Se me fosse dado parafrasear Euclides da Cunha eu diria que o torturador é, antes de tudo, um covarde. Seria difícil entender como ato de coragem o comportamento de quem, tendo a vítima inteiramente sujeita, submete-a a procedimentos desumanos, na busca de que seja dita a palavra almejada pelo algoz.

Noticia a imprensa que a jornalista Miriam Leitão, à época com dezenove anos, foi presa pela polícia da ditadura militar. Grávida, foi obrigada a se despir diante de seus detentores e, auge da tragédia, foi posta em cela individual na companhia de uma cobra jiboia. Pois muito que bem. Foi desse episódio de todo em todo lamentável que fez deboche o deputado Eduardo Bolsonaro, indagando, na mídia e nas redes sociais, se a jornalista estava com saudade da serpente.

Que familiazinha complicada essa do presidente da República! O chefe, arrogante e ignorante, tece elogios abertos ao coronel Brilhante Ulstra, reconhecido como um dos mais ferozes torturadores dos tempos de chumbo da ditadura. O filho, confirmando as lições da genética, tripudia sobre as tormentosas lembranças de uma senhora, vítima da insanidade de um regime de opressão.

A quanto chegamos. Estivessem absolutamente normais as condições de temperatura e pressão da sociedade brasileira, o deputado debochador haveria de sofrer, pelo menos, a instauração de um processo por quebra do decoro parlamentar. Nem isso, porém, ele teme, na medida em que vê seu poderoso genitor fazer coisa pior e ainda ganhar apoio do que há de mais retrógrado e reacionário no meio político nacional.

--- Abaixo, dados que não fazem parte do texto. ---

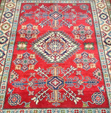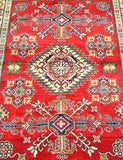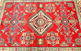 Decorative Coffee Table Size Afghan Kazak Rug. Above All It Is Pure Hand Spun Wool Pile On Cotton Base. Soft Red Tone Dyed Using Traditional Methods (Vegetable Dyes). Last Of True Woven Tribal Art.
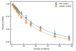 達(dá)摩院量子實(shí)驗(yàn)室還在fluxonium上驗(yàn)證了自研的超導(dǎo)量子芯片整體計(jì)算性能的優(yōu)化方案,包括針對(duì)超導(dǎo)架構(gòu)的單比特門通用優(yōu)化編譯方案,針對(duì)超導(dǎo)芯片上的另一種原生操控SQiSW門的即時(shí)最優(yōu)編譯方案等。該優(yōu)化方案可以大幅提升量子芯片的整體性能指標(biāo)。
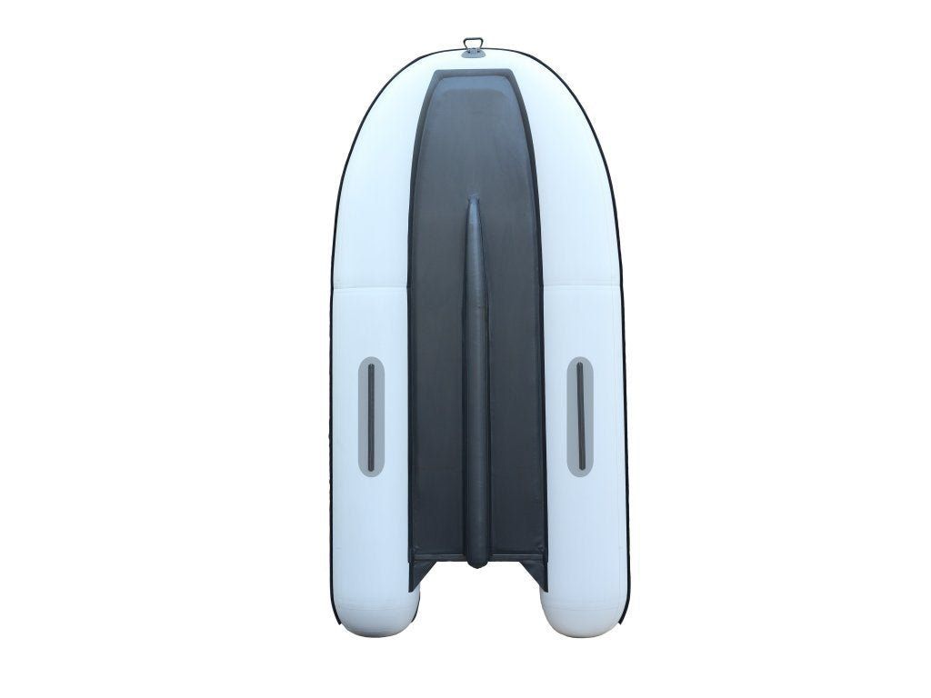 KB TRIMARAN jsou zcela unikátní čluny s kýlem a vysokotlakým nafukovacím dnem s dokonalými jízdními vlastnostmi. Mají jedinečný design, unikátní konstrukci a zcela nadstandardní aerodynamiku, díky níž jsou na vodě rychlejší (až o 1,5 násobek rychlosti klasického člunu) a lépe ovladatelné. Výrazně se to promítá i do nižší spotřeby paliva u benzínových motorů či delší životnosti baterií u elektromotorů. Zcela nadstandardní 50 cm průměr válců dává lodi obrovskou stabilitu i v nejobtížnějších podmínkách. Hodí se zejména na větší vody a delší výpravy, kdy oceníte jejich stabilitu, vnitřní prostor a jízdní vlastnosti. Jedinečná je konstrukce kýlu, který není uvnitř lodi, jak je běžné, ale v samostatné komoře pod lodí. K tomu dvě další vodící lišty na spodku válců. Mají též několik na první pohled neviditelných vychytávek, které výrazně zamezují stříkání vody dovnitř při rychlé jízdě nebo ve velkých vlnách. Na výrobu byl použit prvotřídní PVC materiál o síle 1200g/m2, spoje jsou svařované. Podlaha je nafukovací vysokotlaká. Na bocích je protioděrová lišta. Obě lavičky mají dokonalé polstrovaný potah, který lze snadno nasadit i sundat. Vpředu lodi je jedno a vzadu dvě ergonomické madla na přenášení člunu. Na vrchu člunu je záchytný popruh a 9 rychloupínacích držáků Fasten, díky nimž snadno připnete sondu na sonar, obrazovku sonaru, držák prutu, držák na kamery, mobily atd či kotvící háčky a rolny. Upevňují se do nich i havlinky k veslům. V případě, že jezdíte jen s motorem, jsou na vnitřních bocích lodi úchyty na upevnění vesel, tak aby zbytečně nepřekážely, ale měli jste je v případě potřeby stále po ruce. KB se vyrábí v šedé barvě. Člun je dodáván s přenosnou taškou, vesly, dvěma lavičkami, nafukovací pumpou a opravnou sadou v tubě. 5 let záruka na materiál.KB350
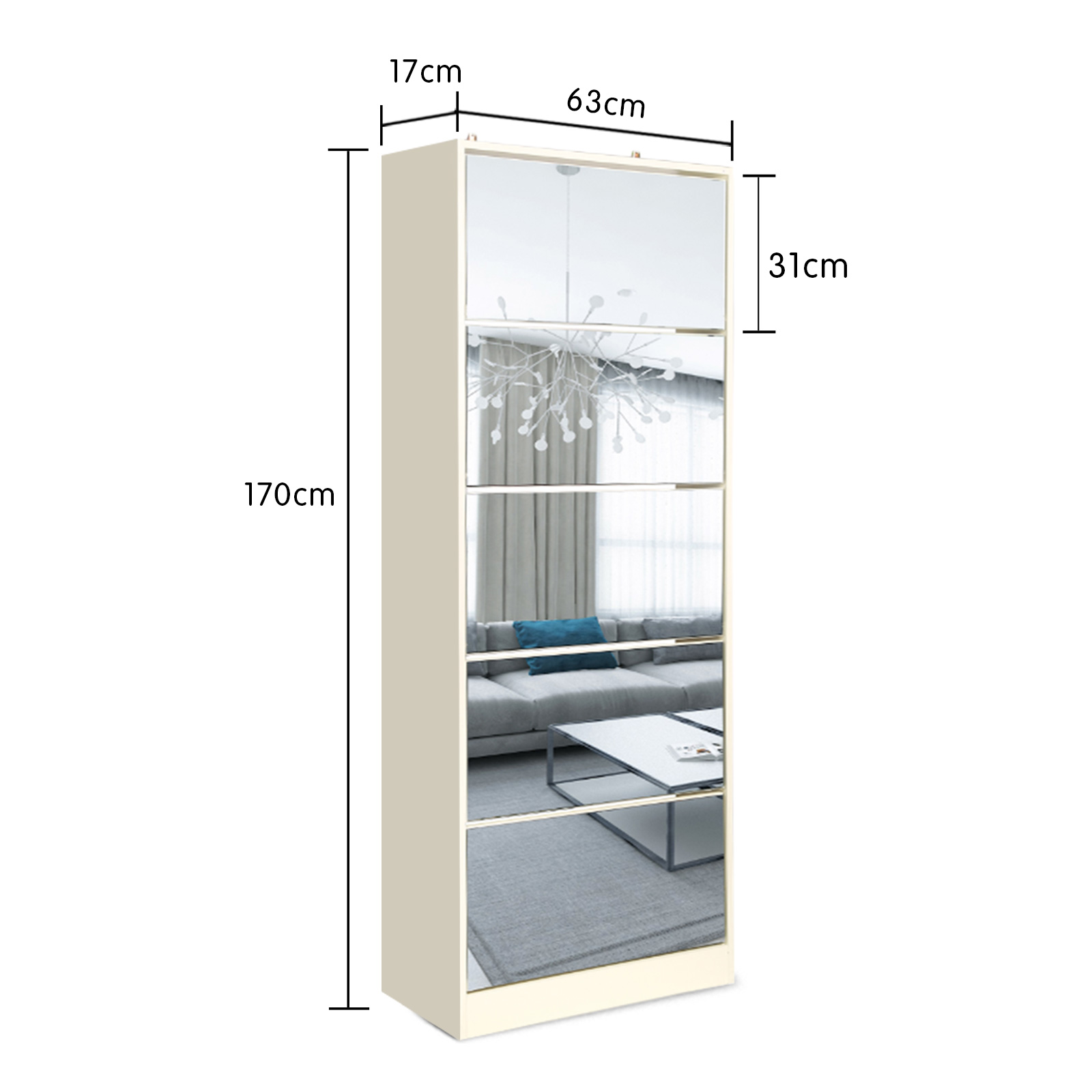 - Type: Mirrored Shoe Cabinet
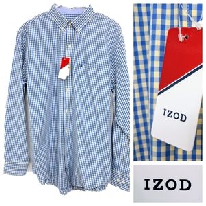 NWT- IZOD Blue & Yellow Gingham Check Men's Shirt
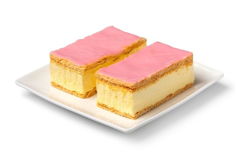 Ein Tompouce, oder auch tompoes, ist ein rechteckiges Blätterteiggebäck, gefüllt mit Vanillecreme und glasiert mit rosa Zuckerguss. Oft mit Sahne oben drauf oder in der Mitte.
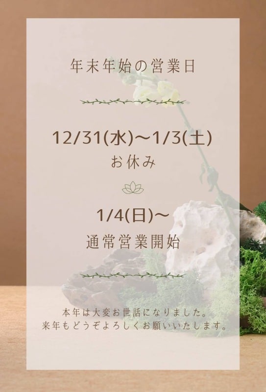 年末年始営業日のお知らせ
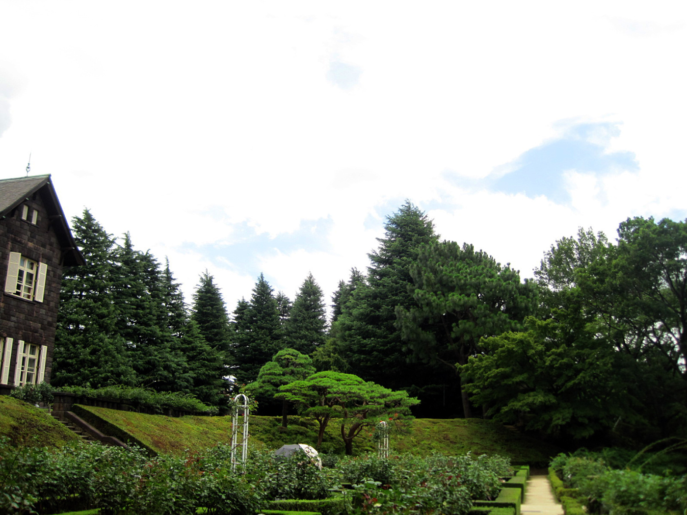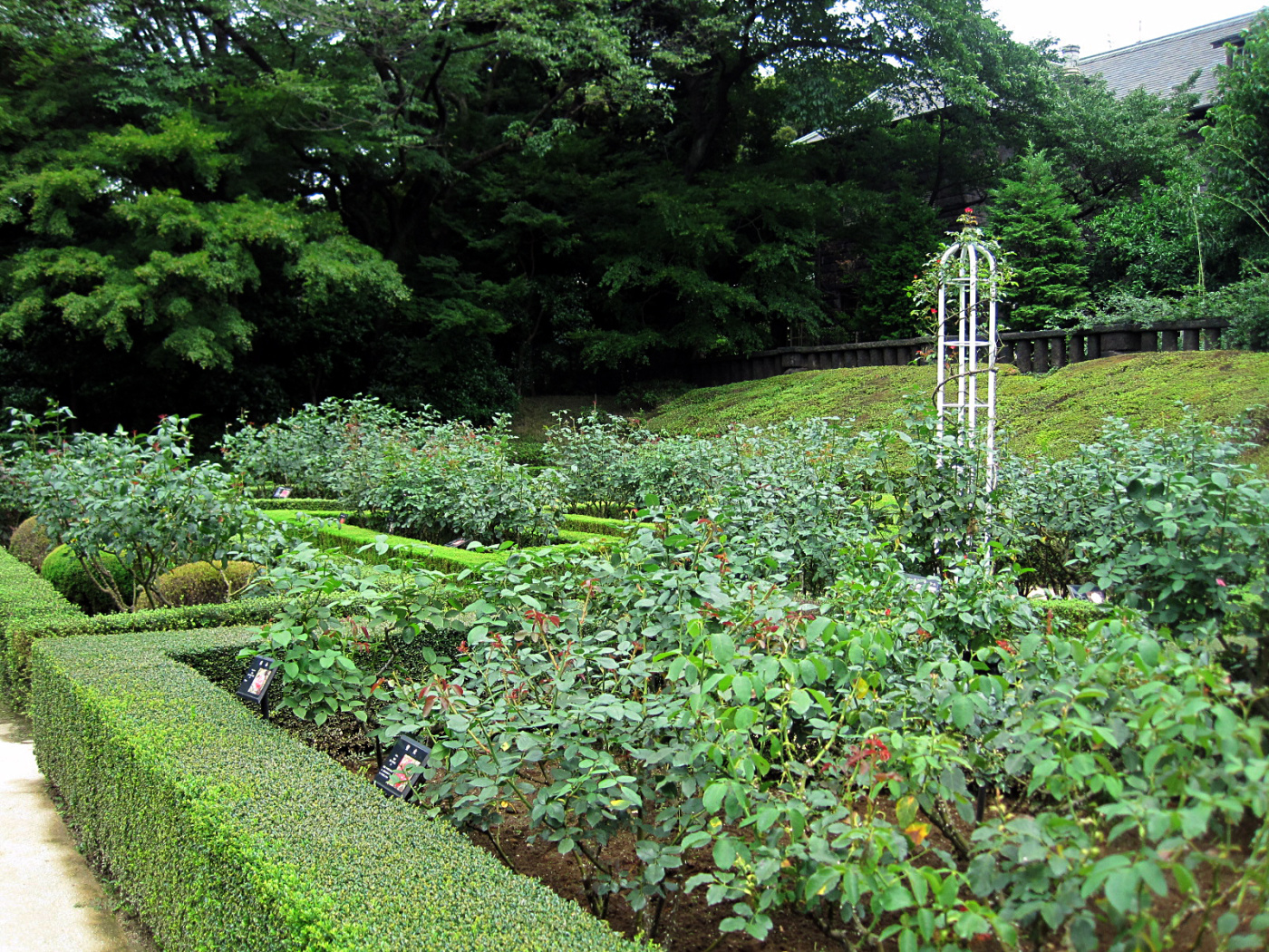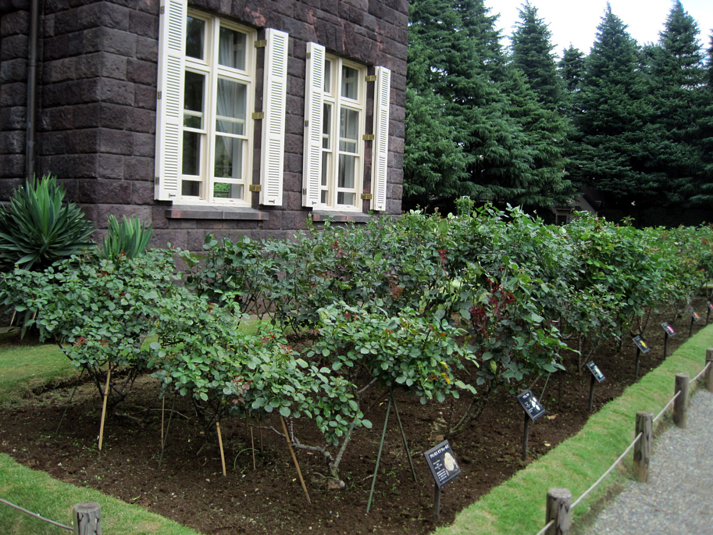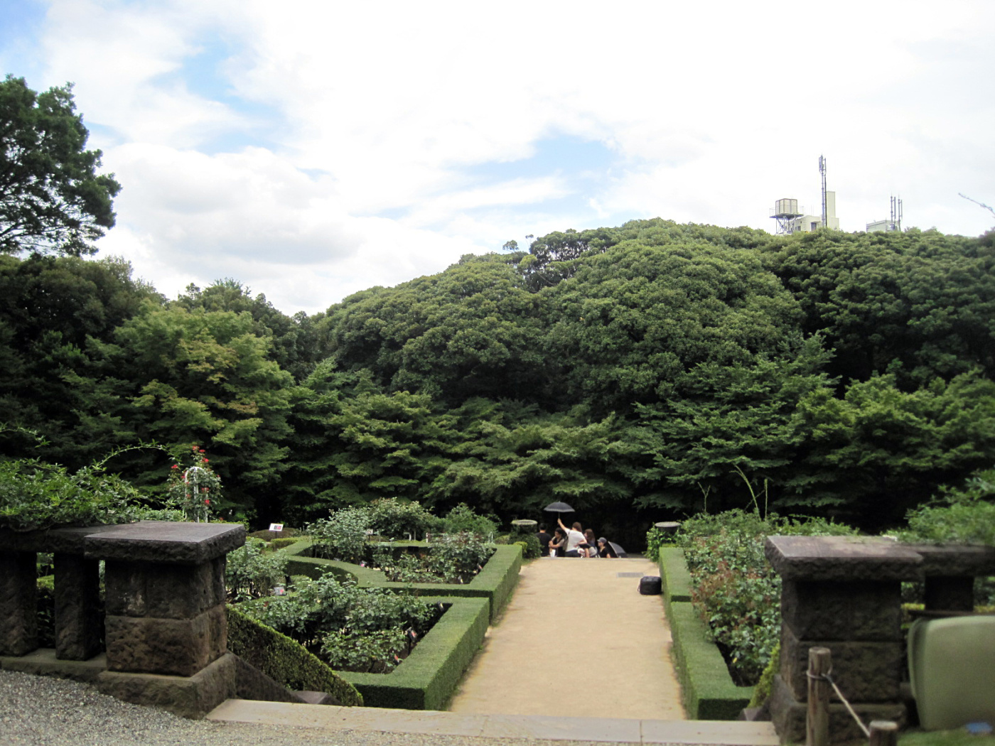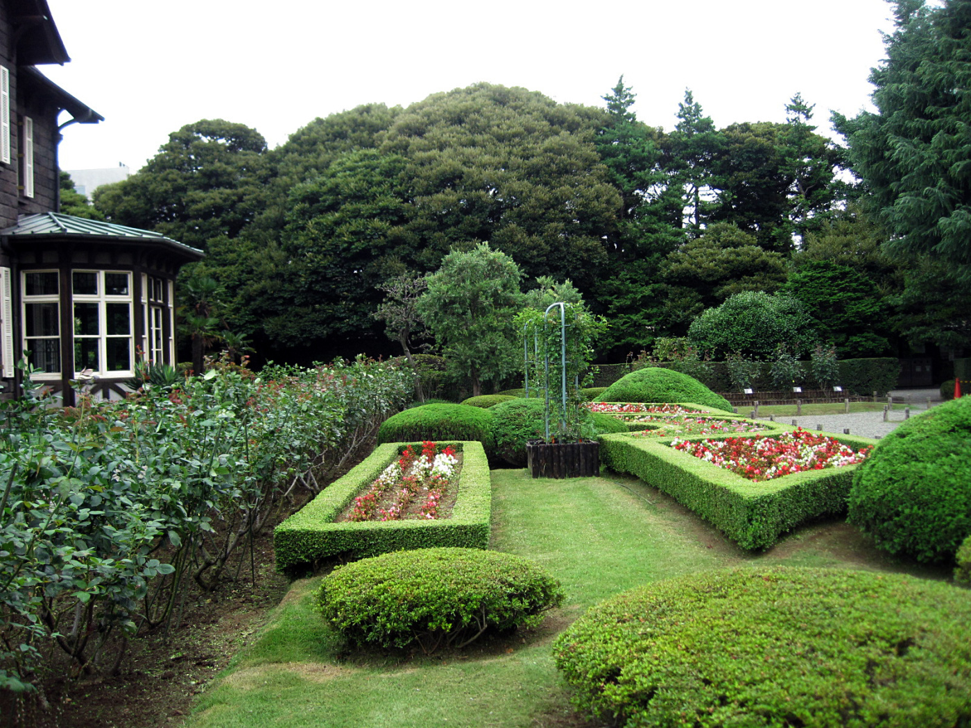 さて欧風庭園ですが【洋館南側の洋風庭園は、テラスが階段状に連なるイタリア式庭園と、平面的で幾何学的に構成されるフランス式庭園の技法があわせて用いられている。バラのテラス庭園は、一段目の花壇は正しく左右対称形であるが二段目から中央の階段を挟んで左右に方形の植え込みとなっている花壇東側の方形北東部が斜面突出部によって欠けている。これはコンドルが敷地下部の日本庭園との調和をはかるため意図的にバラ園の対象形を崩したものと推測されている。現在のバラ園には、プリンセスマサコ等の品種が植えられている。】だそうです。

Além de tudo isso, ainda se divulga a balela dos “três anos sem corrupção”. Mas que nome se pode dar à movimentação do chamado “orçamento secreto”? Por menos, por muito menos, Dilma Roussef se viu submetida a um processo de impeachment. De outra parte, será que mudou de nome a atividade dos “bispos” que, em missão sacratíssima, ocuparam o Ministério da Educação para de lá extrair propinas? Se isso não for corrupção, então a ação de doleiros e lobistas há de ser levada em conta pelo Vaticano, quando das próximas verificações de beatitude e santidade. E veja-se que os “bispos” (e coloco entre aspas como manifestação de respeito aos verdadeiros religiosos) sofisticaram a prática ilegal, uma vez que, não satisfeitos em abocanhar o produto de sua gatunagem, ainda exigiram o pagamento em ouro puro.

Santos homens. Por certo o metal precioso haveria de servir para ornamentar o manto de pureza com que eles se cobrem e com o qual distribuem as bíblias que foram usadas na transação ilícita. Mas estão todos eles dentro dos três anos de pureza e virtudes.

Só esses atos de deslavada corrupção já seriam suficientes para desacreditar o governo que aí se encontra. Mas o pior é que, paralelamente a eles, a insensibilidade do dirigente maior para com as questões sociais é um golpe de morte em quantos militam pela diminuição dos índices de miséria e pobreza. Se a pandemia já mostra (felizmente) sinais de que está em sua fase final, nem por isso desapareceram os seus graves e malévolos efeitos. Para estes, entretanto, o governo federal faz ouvidos de mercador e não se dá ao trabalho de apresentar um projeto de política pública para minimizá-los.

Estamos mesmo entregues às baratas (ou seria aos “bispos”?). Resta esperar o avanço do tempo para chegarmos logo a outubro e usar as eleições para afastar do poder esse celerado. Isso se ele se dispuser a respeitar a vontade manifestada nas urnas. Golpista por natureza, ele já prepara terreno para colocar em dúvida os resultados eleitorais. É um pândego.